ZACHARY: I think he would be pleased with it. I think his only complaint would be that he would probably prefer to see more money given to fewer investigators. He had a lot of concerns about diminishing returns.
He would like the breadth and depth of NSF’s purview and its openness to international scientists. From his vantage, winning World War II was inconceivable without the assistance of the British and the Hungarians, in particular. So I think he would welcome the cosmopolitan character of American science.
I think he would be astonished at the overall size of the US science enterprise, and he would think NSF should have a bigger slice of it.
PT: What would his views on diversity be?
ZACHARY: The guys he worked with all knew each other. They were all white men. Not one of them was black. Not one of them was female. Zero. They were mostly from New England and a few from the West Coast. That might have helped them in the short run. Now, when we tackle climate change, we might ask, “What are the differential effects on rich and poor? Black and white? Other countries as well as our own?” Times have changed.
PT: How would Bush approach today’s problems?
ZACHARY: He had a paper that he circulated privately in the early 1950s, mostly to military leaders, called “A Few Quick.” In it he argued that the weapons we had developed did not fit the battlefield conditions we were facing. It was based on setbacks in the Korean War. But consider other wars since then: Afghanistan, Iraq, Syria, Somalia. Nuclear weapons are not helpful. One of the things Bush argued was that the military needed to harness innovations in ways that were more responsive to changing battlefield conditions.
And I think Bush’s concept could be applied to climate change, environmental issues, and other existential threats. The thrust of “A Few Quick” is that the government should rush innovations that address social needs out to the field. Don’t wait until they are finished. Get the innovations out there, and then keep refining them. It’s a model that strikingly tracks what a lot of digital innovators do today.
On the process side, one useful question is how much pluralism we can absorb. When the Soviet Union sent up Sputnik, the US had 50 rocket projects. The response to Sputnik was that the Soviets had one program; we should have just one. Do the states really need to be laboratories for everything? Today, we still have 50 approaches to nearly everything. We have thousands of police forces, thousands of voting districts, and every one can theoretically have a different voting system. Bush would say the US has an excessive amount of pluralism, and we should not fear concentrating our technical resources in pursuit of solving urgent problems.

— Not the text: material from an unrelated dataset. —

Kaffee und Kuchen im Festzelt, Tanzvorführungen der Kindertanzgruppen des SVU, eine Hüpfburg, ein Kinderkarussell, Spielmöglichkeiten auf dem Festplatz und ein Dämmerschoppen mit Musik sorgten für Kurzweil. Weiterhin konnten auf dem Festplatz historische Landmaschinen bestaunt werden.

PT: What world issues would Bush be concerned about today?
ZACHARY: I can only think that existential threats would get his attention. So we would have to try to imagine what he would deem an existential threat. I think Bush would call for a centralized effort to respond to climate change. He would emphasize international cooperation and want to leverage talent across political boundaries. I think he would see science and technology as being underutilized in tackling serious existential problems.
PT: What are you working on these days?
ZACHARY: I will be publishing some of what I call Bush’s “essential writings,” including “A Few Quick.” They are hard-to-find papers from the Library of Congress and other archives. I hope they will be useful to scholars, students, and policymakers.

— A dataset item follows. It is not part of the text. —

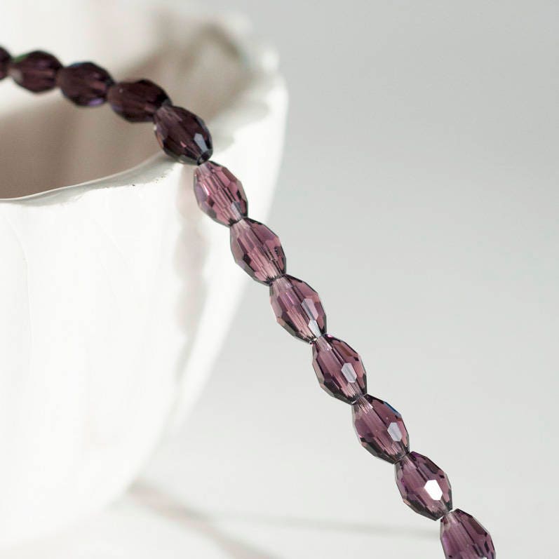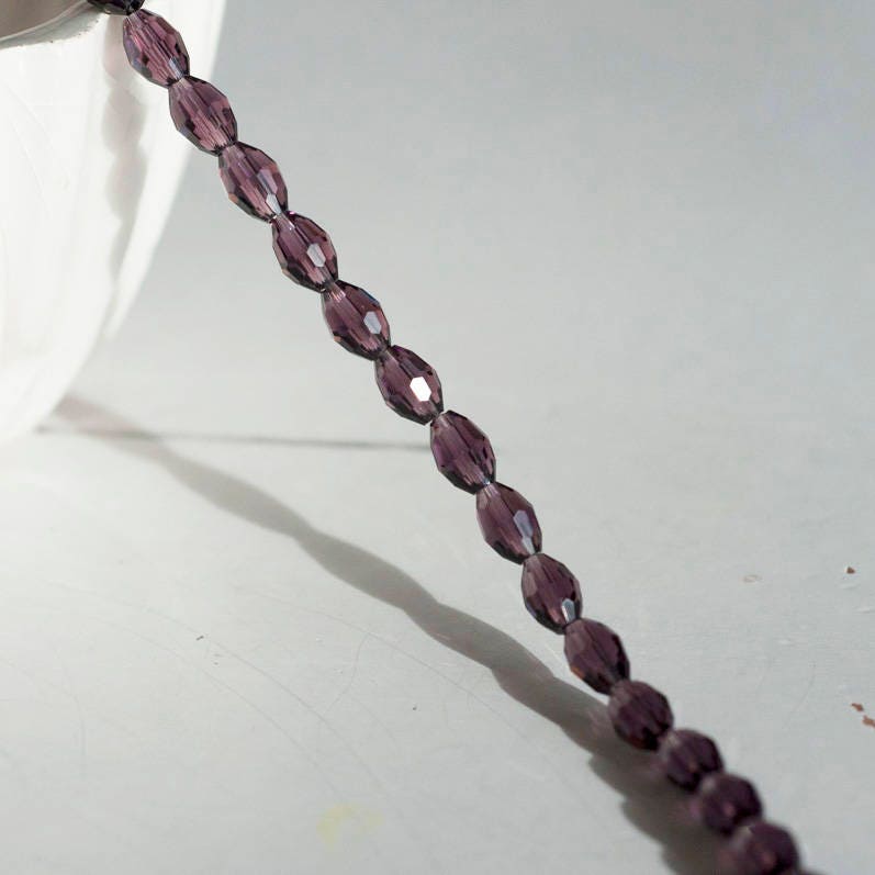 EP Cuentas de vidrio púrpura facetadas, suministro creativo, cuentas de vidrio, cuentas de forma ovalada, fabricación de joyas, grano de arroz, cristal, hilo 70-G572

For my next project, I want to look at some of the unexpected costs and benefits of nuclear weapons around the environment, computers, civic action and dissent, and citizen science. The first example of citizen science in the US was the Barry Commoner tooth experiment, which in the 1950s showed that baby teeth contained strontium-90 as a result of nuclear fallout. That was a big boost for the idea that citizens could organize to do research that either mirrors what the government is doing or consciously tries to challenge it. None of that is news, but I think the current enhanced interest in mass participation and the environment could mean that things that happened in the 1950s that are relatively ignored should be better understood.